== Task requirements ==
In the records below, find the line with "KGV mint selection", then copy each line exactly until you have copied the line with "工場屋根裏の結露対策。熱交換塗料を使用した屋根塗装を実施して省エネも実現". Leave any picture out.

[Items from a data source]
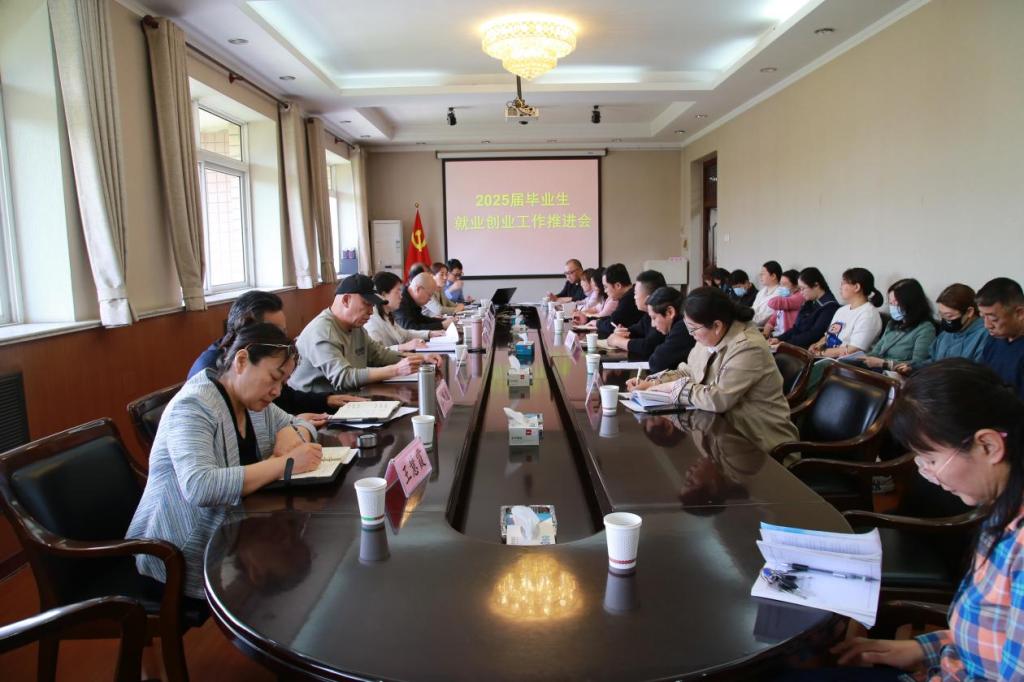 4月16日,学院在五楼会议室召开2025届毕业生就业创业工作推进会。院党委书记蔡杨、院长李大庆、副院长王鸿喜出席,各系负责人、就业工作部人员及各系辅导员参加,会议由副院长王鸿喜主持。
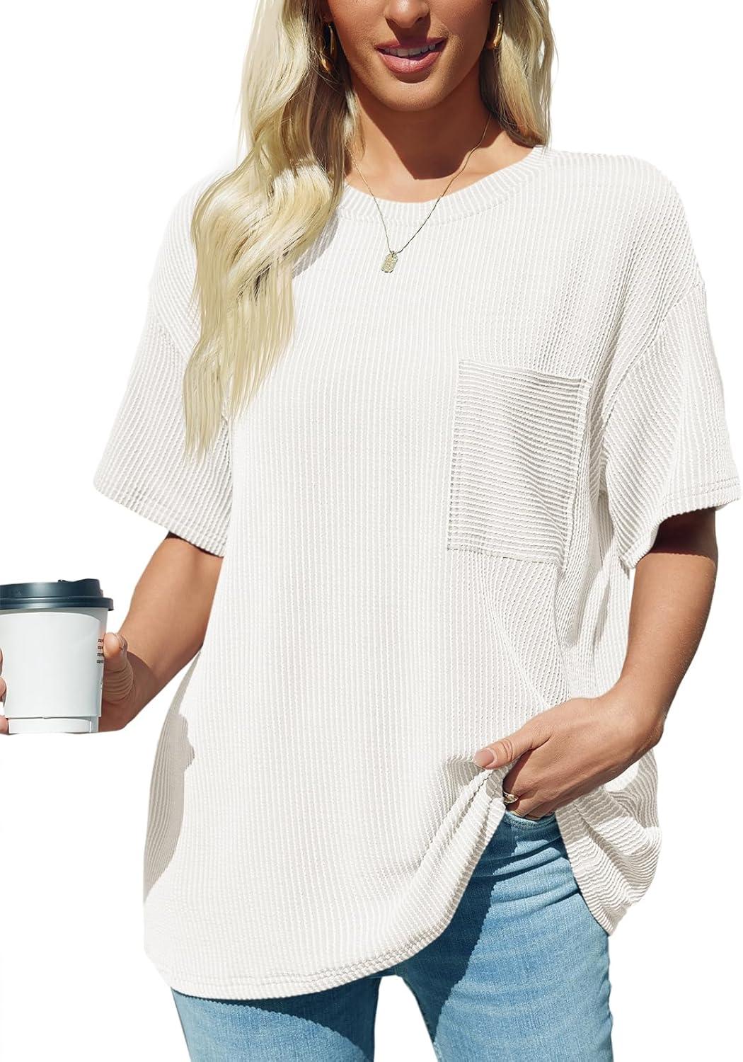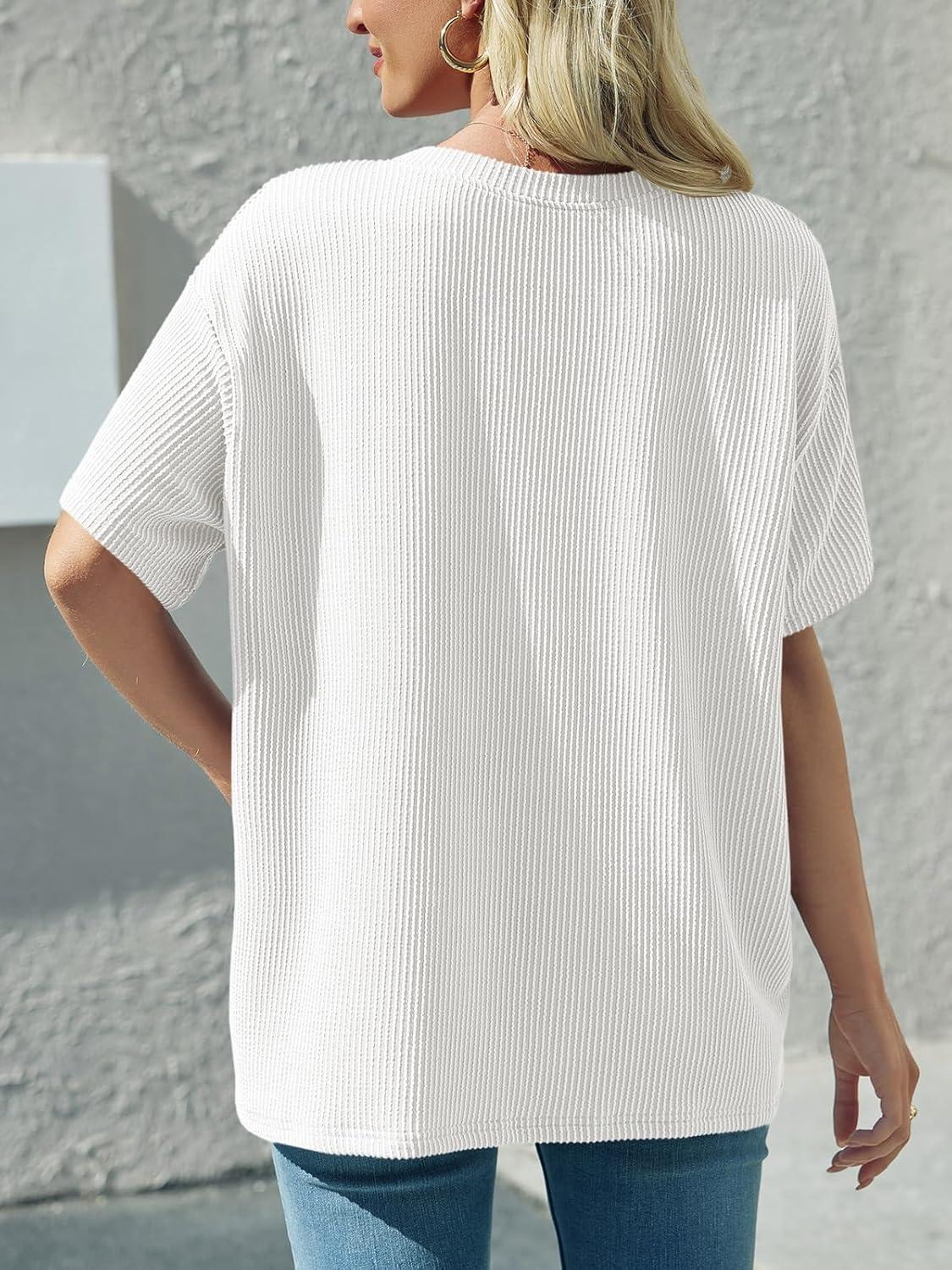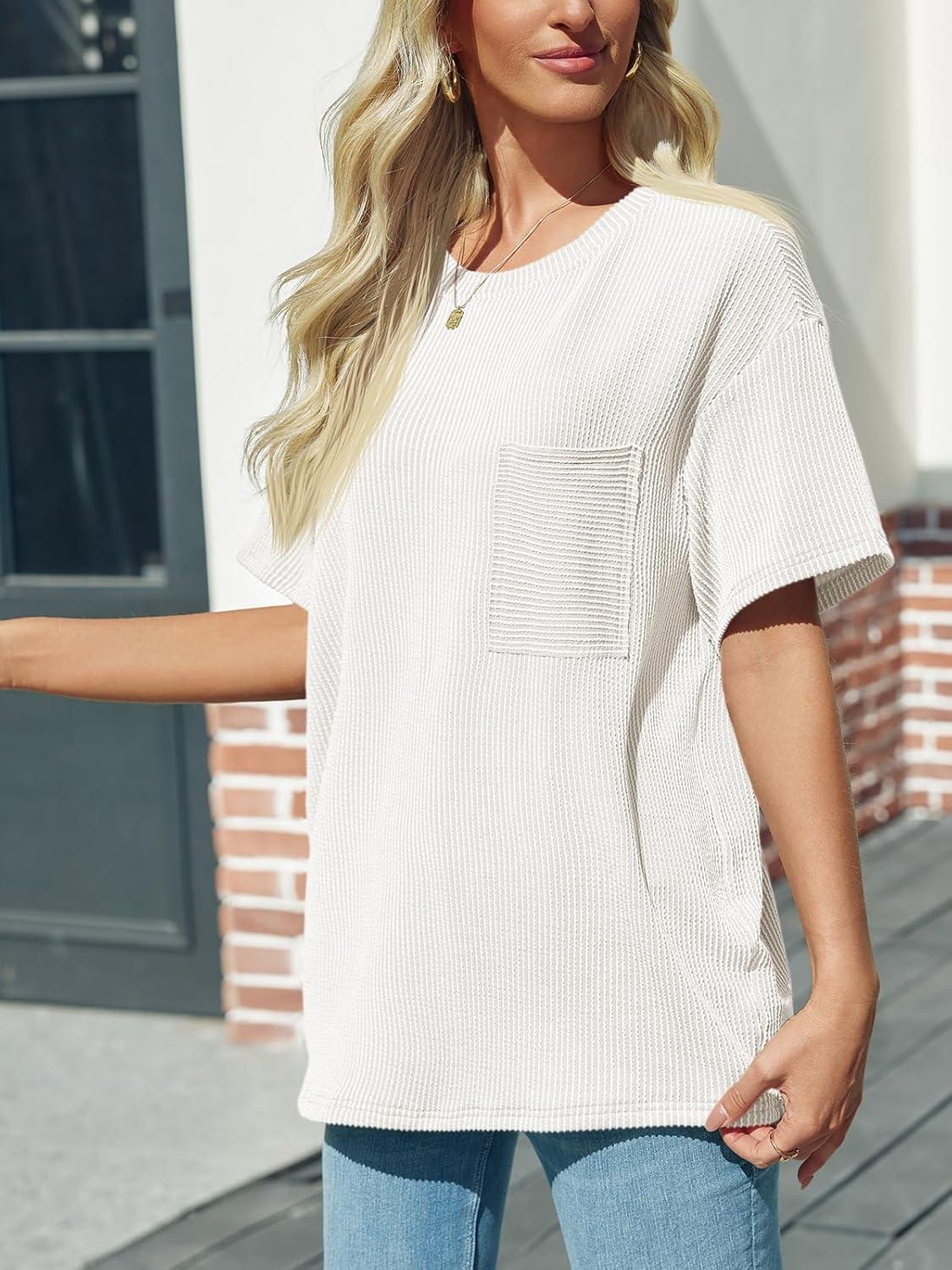 Tankaneo Womens Oversized Short Sleeve Tops Summer Textured Crew Neck T Shirt Ribbed Casual Basic Tees(White)
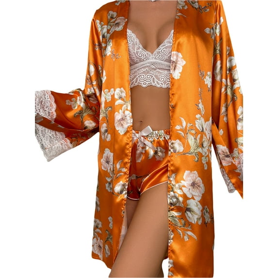 - ROBE PAJAMAS: Lace patchwork, printed, long sleeves, detachable belt, loose fit for easy movement, women's kimono bathrobe, matching lace bra and shorts for easy on and off.
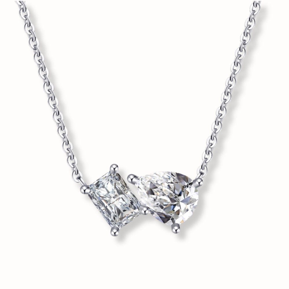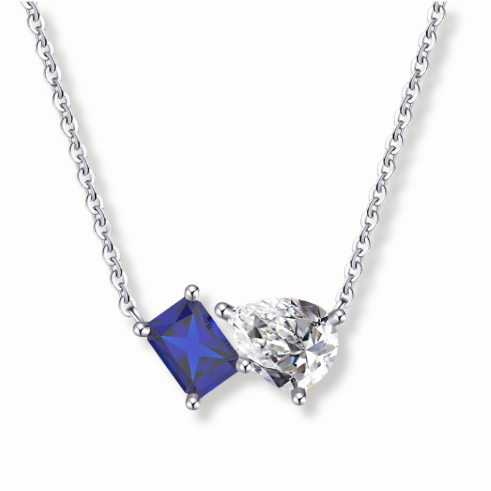 Découvrez le collier Omia, un bijou en argent 925 rhodié, serti de zircons scintillants. Disponible en deux variations de couleurs : une avec deux pierres blanches et une avec une pierre bleue et une blanche. Ce collier reflète la beauté pure et ajoute une touche raffinée à votre tenue
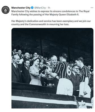 - "Il Manchester City desidera esprimere le sue più sincere condoglianze alla famiglia reale dopo la morte di Sua Maestà la Regina Elisabetta II. La dedizione e il servizio di Sua Maestà sono stati esemplari e ci uniamo al nostro Paese e al Commonwealth nel piangere la sua perdita"
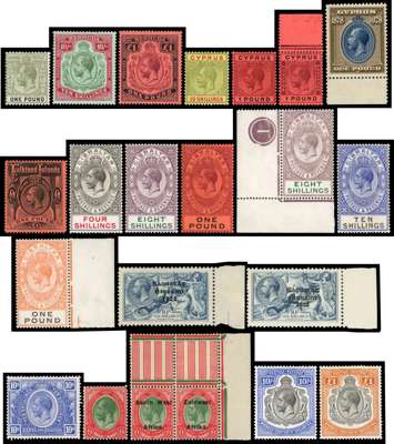 KGV mint selection on Hagners including Bahamas 1912 £1, Bermuda 1918 10s and £1, Cyprus 1923 10s and £1, 1924 £1 top marginal example, 1928 £1 50th Anniversary of British Rule bottom marginal example, Falkland Is 1912 £1, Gibraltar 1912 4s, 8s and £1, 1921 8s lower left corner marginal example, 1925 10s and £1, Ireland 1922 10s, 1925 10s, KUT 1922 10s, South Africa 1916 £1, South West Africa 1923 £1 pair, top right gutter/marginal pair, Tanganyika 1927 10s and £1, fine facially, slightly mixed condition still most good to fine. (21)
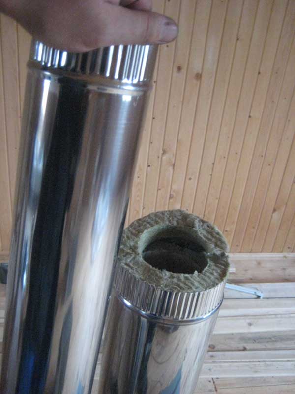 Pour une cheminée d'un poêle de sauna, l'option préférée est les deux tuyaux en acier inoxydable, mais l'enveloppe extérieure ne doit pas nécessairement être en acier inoxydable. Le principal est la chambre à air. L'épaisseur de paroi des sandwichs en acier inoxydable peut aller de 0,5 à 1,0 mm. Pour un poêle de sauna, ils conviennent soit avec une épaisseur de 1 mm (celui-ci est en acier inoxydable qui est aimanté) ou de 0,8 mm (c'est-à-dire s'il n'est pas aimanté). Nous ne prenons pas de parois de 0,5 mm dans le bain - ce sont des sandwichs pour les chaudières à gaz. Dans les bains, ils brûlent très rapidement.
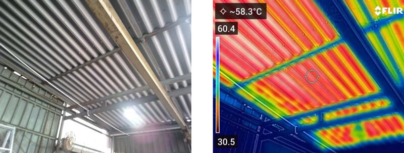 工場屋根裏の結露対策。熱交換塗料を使用した屋根塗装を実施して省エネも実現
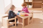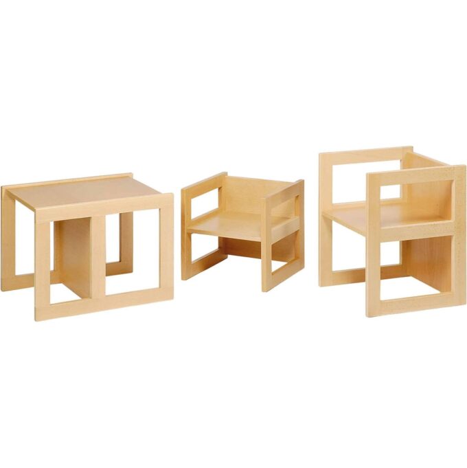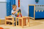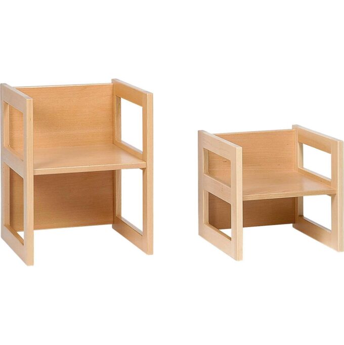 Dieses durchdachte Design macht den Kombihocker zu einem unverzichtbaren Begleiter in Kindergärten, Schulen, therapeutischen Einrichtungen und natürlich auch zu Hause. Seine natürbelassene, lackierte Oberfläche sorgt für eine warme und natürliche Ausstrahlung, die jedes Umfeld bereichert. Dank seiner unterschiedlichen Sitz- und Tischhöhen passt sich der Kombihocker perfekt jeder Situation an – ob Kinder ihn zum Spielen, Lernen oder Malen nutzen oder Erwachsene ihn als vielseitiges Möbelstück für den Alltag einsetzen.
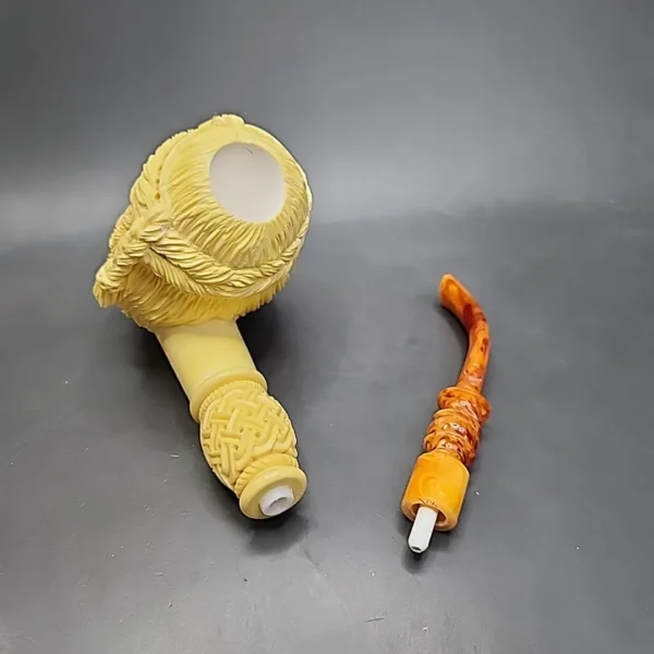 The closest classical art form to meerschaum carving is sculpture. In this instance, the closest analog in the sculptural arts as classically defined, is the bust. By this I mean depictions of the upper torso of human figures, rather than other body parts. For about as long as meerschaum pipes have been made, carvers have been sculpting them in human forms, typically famous figures of an era (such as nobility), or cultural archetypes (such as the sultan or the pirate). This pipe, from Eskişehir’s master Kenan, is carved in the form of a viking warrioress, including period attire. I find can always tell how good an artist – in whichever art form – is by looking at their ability to represent hair. The free-flowing and braided hair sections on this young woman are particularly impressive, as is the rest of the figure.

== Exercise output ==
 KGV mint selection on Hagners including Bahamas 1912 £1, Bermuda 1918 10s and £1, Cyprus 1923 10s and £1, 1924 £1 top marginal example, 1928 £1 50th Anniversary of British Rule bottom marginal example, Falkland Is 1912 £1, Gibraltar 1912 4s, 8s and £1, 1921 8s lower left corner marginal example, 1925 10s and £1, Ireland 1922 10s, 1925 10s, KUT 1922 10s, South Africa 1916 £1, South West Africa 1923 £1 pair, top right gutter/marginal pair, Tanganyika 1927 10s and £1, fine facially, slightly mixed condition still most good to fine. (21)
 Pour une cheminée d'un poêle de sauna, l'option préférée est les deux tuyaux en acier inoxydable, mais l'enveloppe extérieure ne doit pas nécessairement être en acier inoxydable. Le principal est la chambre à air. L'épaisseur de paroi des sandwichs en acier inoxydable peut aller de 0,5 à 1,0 mm. Pour un poêle de sauna, ils conviennent soit avec une épaisseur de 1 mm (celui-ci est en acier inoxydable qui est aimanté) ou de 0,8 mm (c'est-à-dire s'il n'est pas aimanté). Nous ne prenons pas de parois de 0,5 mm dans le bain - ce sont des sandwichs pour les chaudières à gaz. Dans les bains, ils brûlent très rapidement.
 工場屋根裏の結露対策。熱交換塗料を使用した屋根塗装を実施して省エネも実現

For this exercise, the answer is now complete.